━━ Provided material
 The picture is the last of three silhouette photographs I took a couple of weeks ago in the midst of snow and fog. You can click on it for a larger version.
━━━━
━━ Provided material
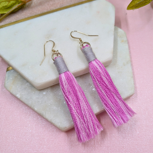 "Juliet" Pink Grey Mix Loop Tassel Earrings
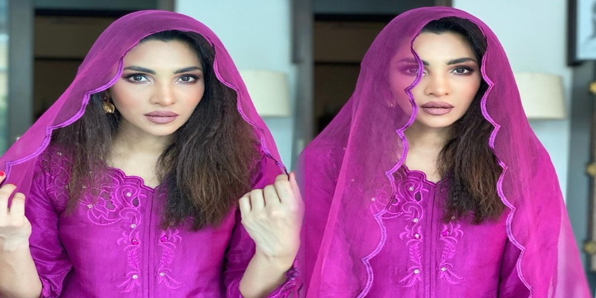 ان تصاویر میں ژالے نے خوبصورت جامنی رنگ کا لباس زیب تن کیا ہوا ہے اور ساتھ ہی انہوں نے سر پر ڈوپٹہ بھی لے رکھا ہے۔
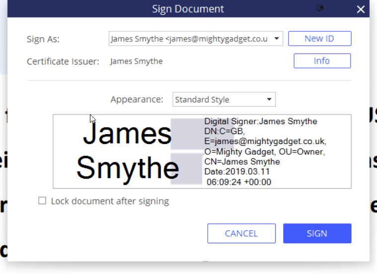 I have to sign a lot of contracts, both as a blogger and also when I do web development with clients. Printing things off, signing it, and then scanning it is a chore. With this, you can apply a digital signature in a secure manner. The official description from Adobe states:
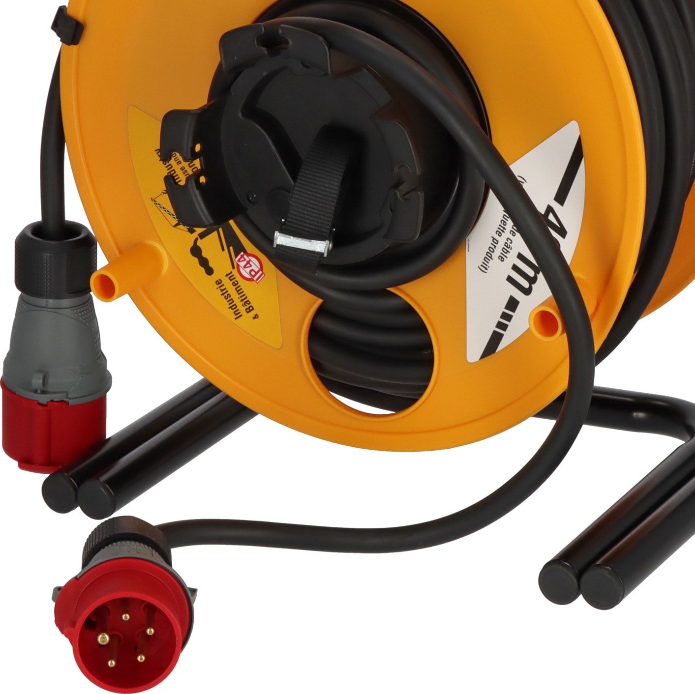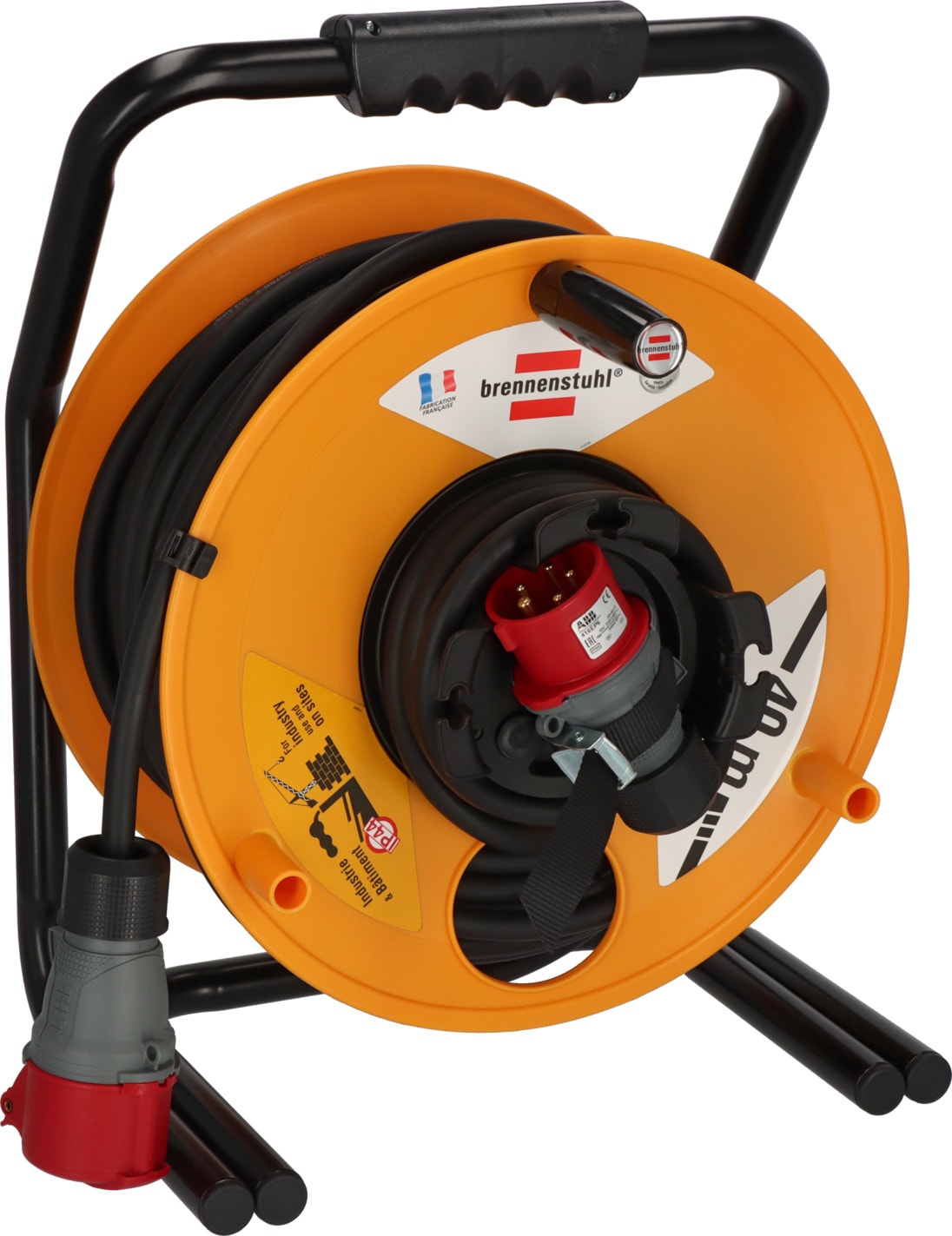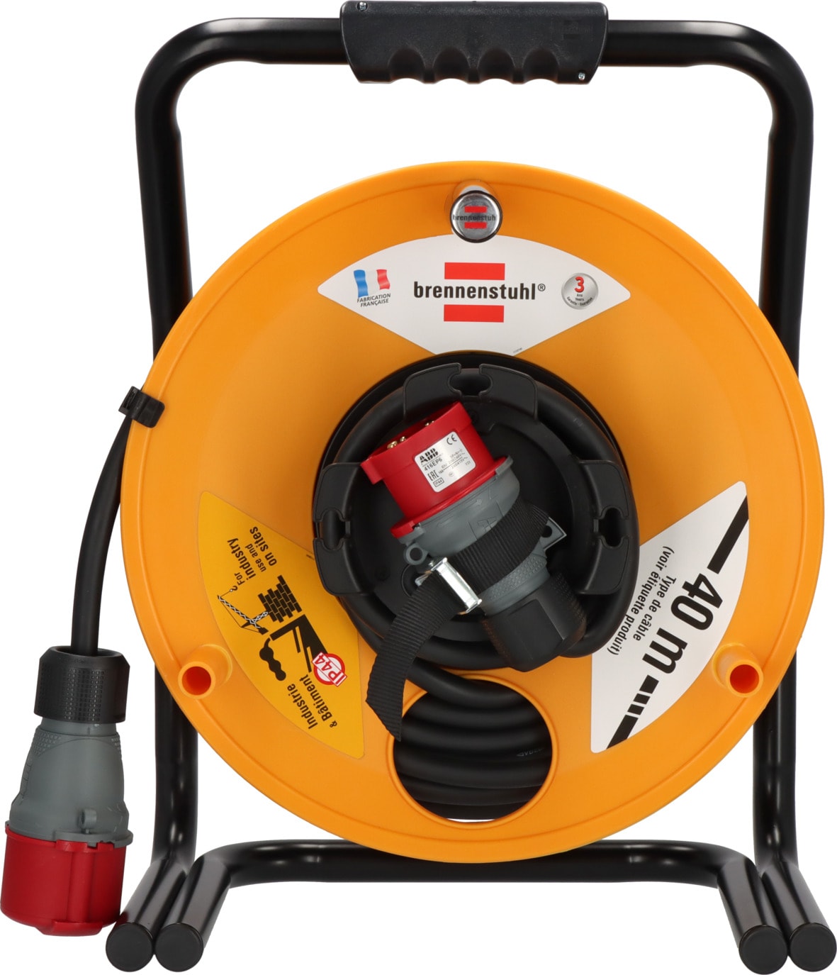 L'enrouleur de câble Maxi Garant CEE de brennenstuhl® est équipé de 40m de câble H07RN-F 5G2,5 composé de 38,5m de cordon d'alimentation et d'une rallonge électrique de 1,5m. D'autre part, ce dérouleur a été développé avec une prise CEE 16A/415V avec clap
━━━━
» Work to be completed
Exactly the lines starting at the one above with "Loop Tassel Earrings" and ending at the one with "L'enrouleur de câble" should be printed, and nothing else. Omit the pictures.

» Output of the task
 "Juliet" Pink Grey Mix Loop Tassel Earrings
 ان تصاویر میں ژالے نے خوبصورت جامنی رنگ کا لباس زیب تن کیا ہوا ہے اور ساتھ ہی انہوں نے سر پر ڈوپٹہ بھی لے رکھا ہے۔
 I have to sign a lot of contracts, both as a blogger and also when I do web development with clients. Printing things off, signing it, and then scanning it is a chore. With this, you can apply a digital signature in a secure manner. The official description from Adobe states:
 L'enrouleur de câble Maxi Garant CEE de brennenstuhl® est équipé de 40m de câble H07RN-F 5G2,5 composé de 38,5m de cordon d'alimentation et d'une rallonge électrique de 1,5m. D'autre part, ce dérouleur a été développé avec une prise CEE 16A/415V avec clap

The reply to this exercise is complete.